# Fourier Sine Series Exapnsion

• July 14th 2010, 04:37 PM
dats13
Fourier Sine Series Exapnsion
The question ask to expand the following function of period $2L$ on the interval $(0,L)$ as a Fourier sine series.

$$f(x)=sin(\frac{\pi}{2L}x)$
$

This function is periodic on a period of $4L$ and thus the coefficients are given by

$$b_{n}=\frac{1}{2L}\int_{0}^{2L}sin(\frac{\pi x}{2L})sin(\frac{n\pi x}{2L})dx$
$

Upon evaluating the integral, I split the sine terms into two seperate cosine terms using a trig identity. After integration I am unable to get a single cosine as given in the correct answer

$$f(x)=\frac{8}{\pi}\sum_{n=1}^{\infty}\frac{ncos(n\ pi)}{1-4n^{2}}sin(\frac{n\pi}{L}x)$
$

Have I made an error or am I on the correct track?
• July 14th 2010, 09:47 PM
CaptainBlack
Quote:

Originally Posted by dats13
The question ask to expand the following function of period $2L$ on the interval $(0,L)$ as a Fourier sine series.

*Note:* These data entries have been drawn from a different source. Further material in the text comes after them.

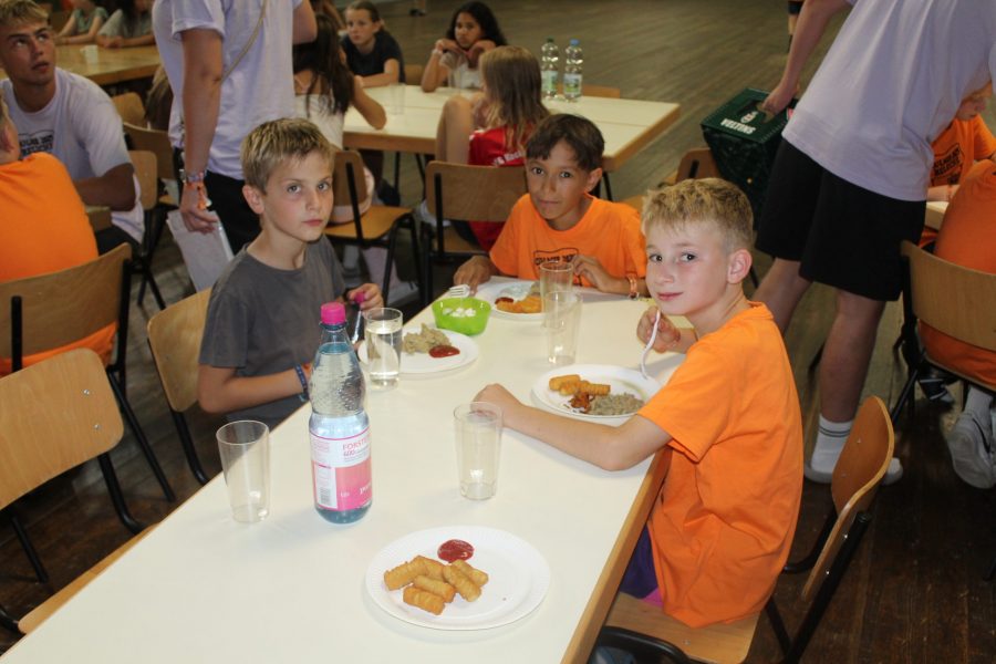 Wer auf dem Feld alles gibt, hat mittags natürlich wieder großen Hunger und heute hat uns die Küche wieder ein Festmahl bereitet. Es gab Kartoffelpüree, Brokkoli und Schnitzel. Und wer dachte, dass Kinder nicht gerne Brokkoli essen, der wurde eines Besseren belehrt. Alle Schüsseln wurden restlos geleert!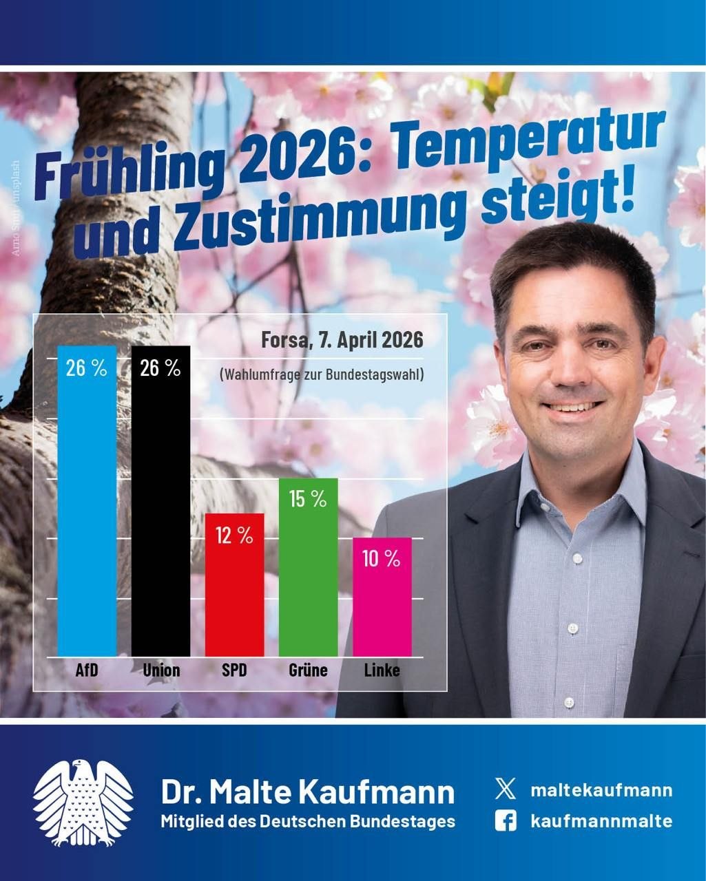 Liebe Leser, ich hoffe, Sie hatten schöne Ostertage und konnten die Sonne genießen, die sich jetzt immer öfter zeigt, und sowohl die Temperatur anhebt, als auch die Laune. Denn trotz der vielen schlechten Meldungen in den letzten Wochen und Monaten hat unser Land Optimismus verdient! Die steigenden Zustimmungswerte für unsere #AfD bei den vergangenen Kommunal- und Landtagswahlen sowie die Prognosen für die in diesem Jahr noch folgenden Wahlen belegen: Wir erreichen immer mehr Menschen, die die Notwendigkeit eines politischen Wandels verstehen und ihn mit uns zusammen angehen wollen. Narrative kippen, politische Null-Aussagen werden durchschaut – Leere Versprechen treiben eben keine echten Blüten! #VISION2026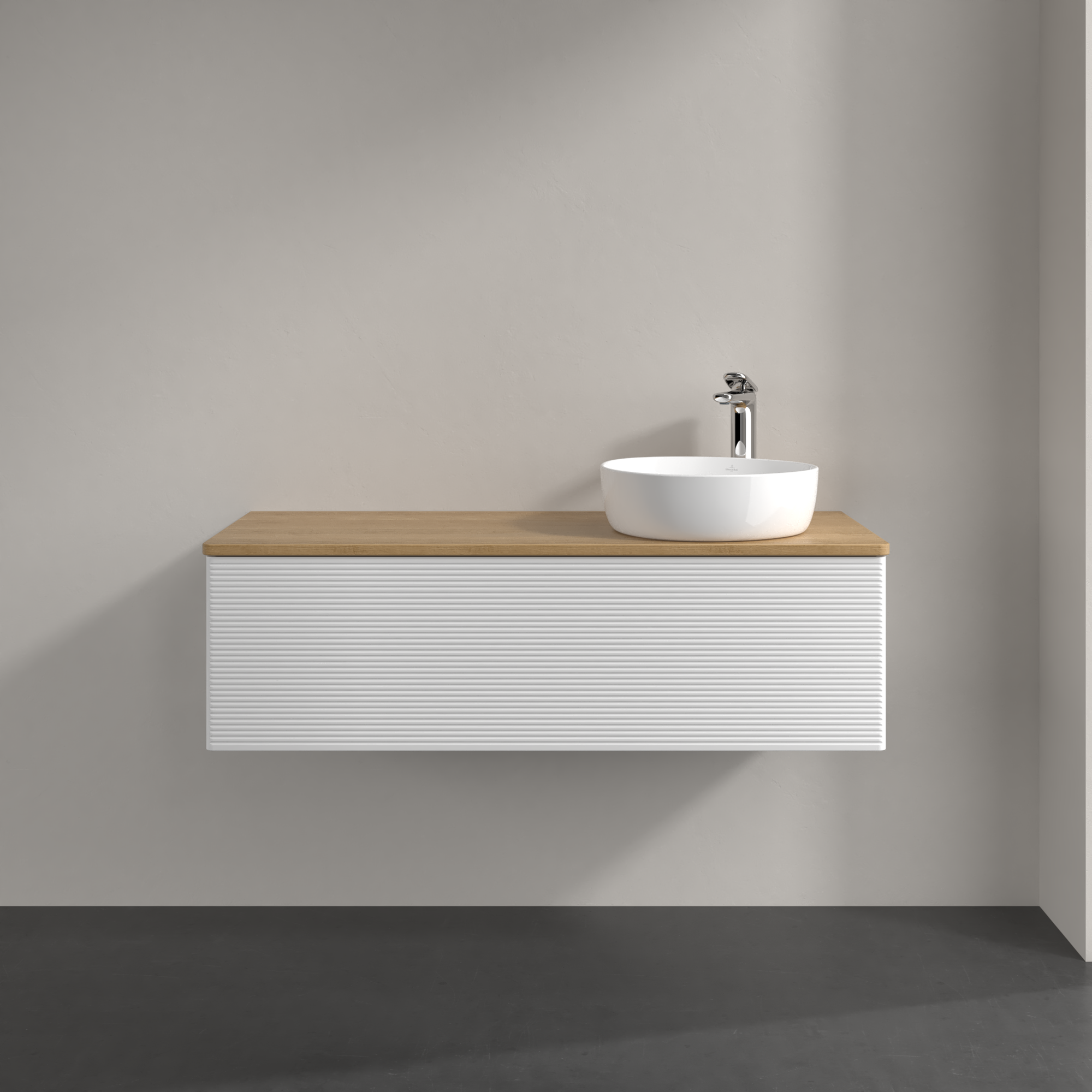 Antao Mobile sottolavabo, con illuminazione, 1 vano estraibile, 1200x360x500mm, Frontale con texture, Corpo: Glossy White Lacquer, Fronte: Glossy White Lacquer, Piastra di copertura: Honey Oak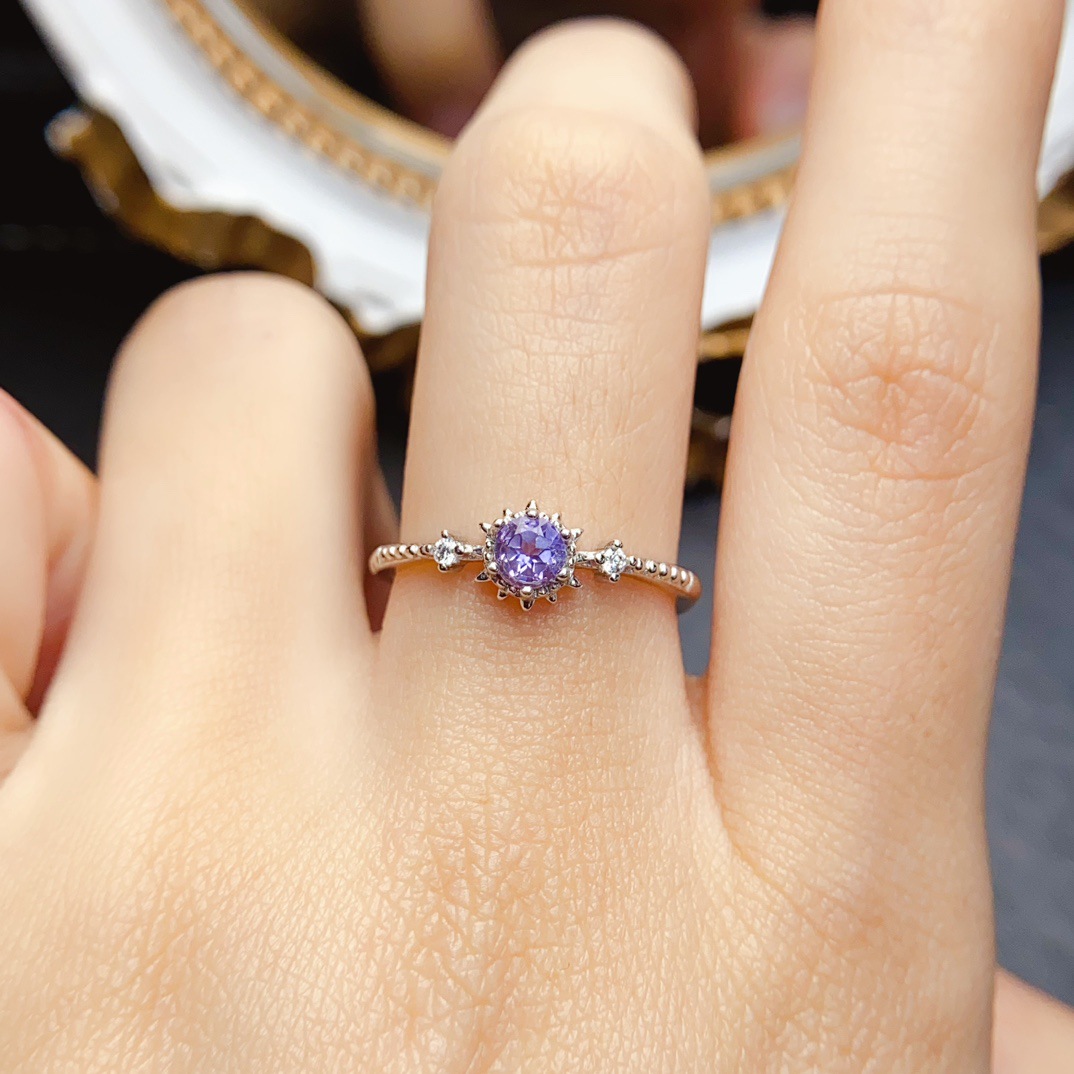 新天然紫水晶指輪S925銀モザイク主石4*4mm百合ネット赤爆金女飾り卸売り

$$f(x)=sin(\frac{\pi}{2L}x)$
$

This function is periodic on a period of $4L$ and thus the coefficients are given by

$$b_{n}=\frac{1}{2L}\int_{0}^{2L}sin(\frac{\pi x}{2L})sin(\frac{n\pi x}{2L})dx$
$

Because the integrand is not periodic with period 2L you have to integrate over -L,L here, also you divide by 2L in the second sin term and you should not it should just be L. You could also do this the way shown in the MathWorld page.

CB
• July 17th 2010, 12:45 PM
dats13
Thanks, for pointing out my mistake. I got the correct answer now.